Kirby hires private investigators to find out who the raters are, and it's fun to watch as they spy and stalk around the MPAA headquarters.

"This Film is Not Yet Rated" also does a good job, unintentionally, of illustrating how out of touch Hollywood is with mainstream America. To support his argument, Dick brings out a parade of filmmakers and First Amendment advocates who seem utterly dismayed that someone would suggest that movies featuring profanity, masturbation, three-way sex, and other graphic portrayals of fornication shouldn't be OK for children.

Director John Waters, for example, says that, sure, his film "A Dirty Shame" shows "perverted" sex – but not in a bad way, so why shouldn't it be OK for kids to see? Waters' impeccable logic is that since "all" kids have viewed perverse sex on the Internet and eighth-grade girls "routinely" give blow jobs, it's OK for them to see it in the movies.

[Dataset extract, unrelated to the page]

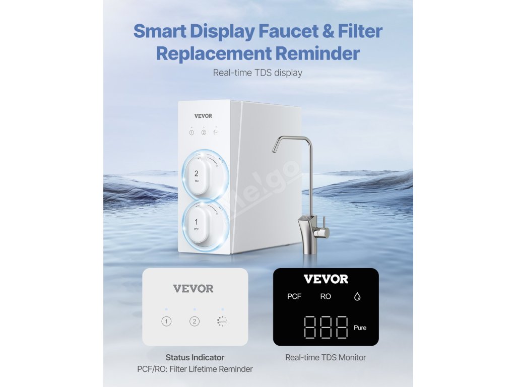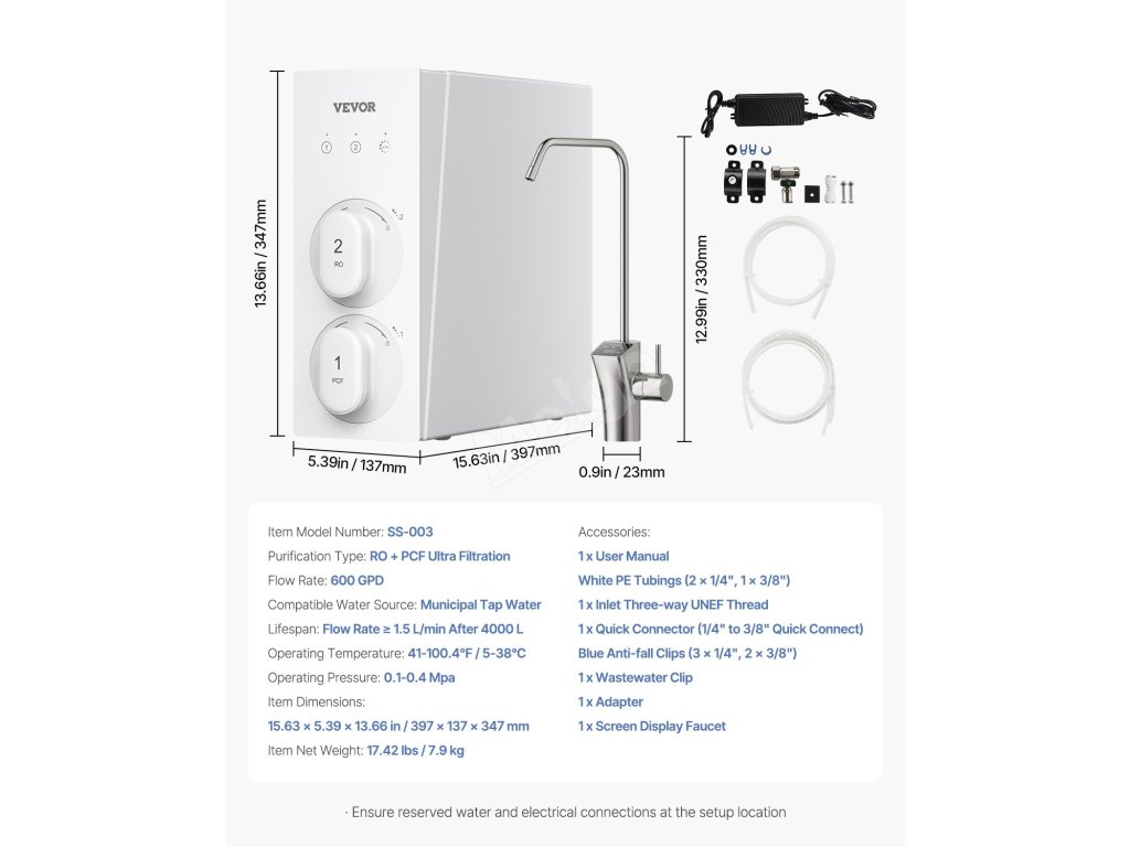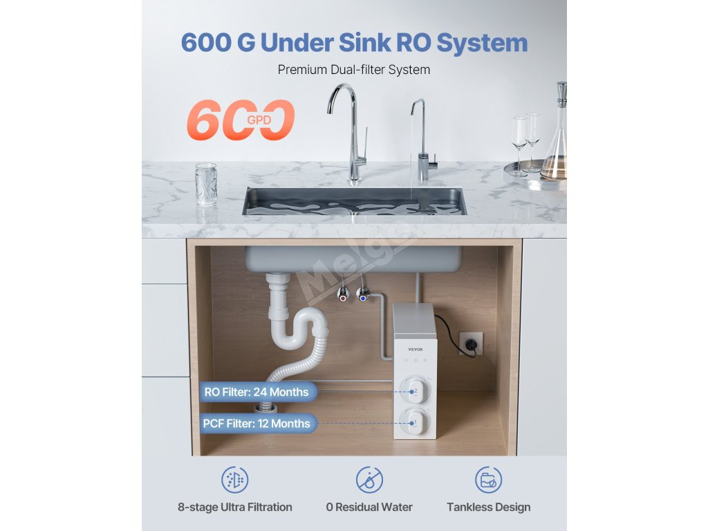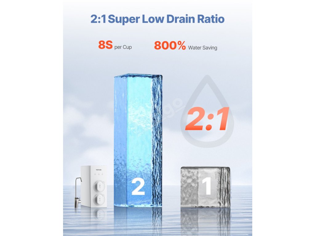 Vďaka pomeru čistej a odpadovej vody 2:1 tento beztlakový systém RO maximalizuje účinnosť vašej vody. Okrem toho jeho veľkorysá kapacita 600 GPD a prietok 1,5 l/min podporujú všetky vaše potreby, ako je umývanie ovocia, varenie a používanie spotrebičov.

Dick and his supporting cast labor hard to portray the MPAA as a looming dark force controlling what Americans see. One moviemaker calls the MPAA a "Fascist" group and another calls it a "powerful censorship organization," but the film acknowledges that the association has no power to stop a film from being released regardless of its content. In one part of "This Film is Not Yet Rated," a director actually laments that the MPAA felt a movie where puppets have sex in multiple ways is inappropriate for kids.

What these filmmakers fail to appreciate is that they have far more freedom today than under the old Hays Code – so much, in fact, that many Americans are now turned off by Hollywood's infatuation with sex, profanity and violence.

One filmmaker wonders why a film with female masturbation got saddled with an R rating when one showing male masturbation got a PG-13 rating. She obviously believes that both should get a PG-13 rating, while I wonder why they both don't get an R.

It would be nice if Dick had an included an interview with someone concerned about media effects on children, but again, his goal wasn't to provide a balanced movie.

One point on which I agree with the movie is that the MPAA needs to give violent films more restrictive ratings than they currently receive.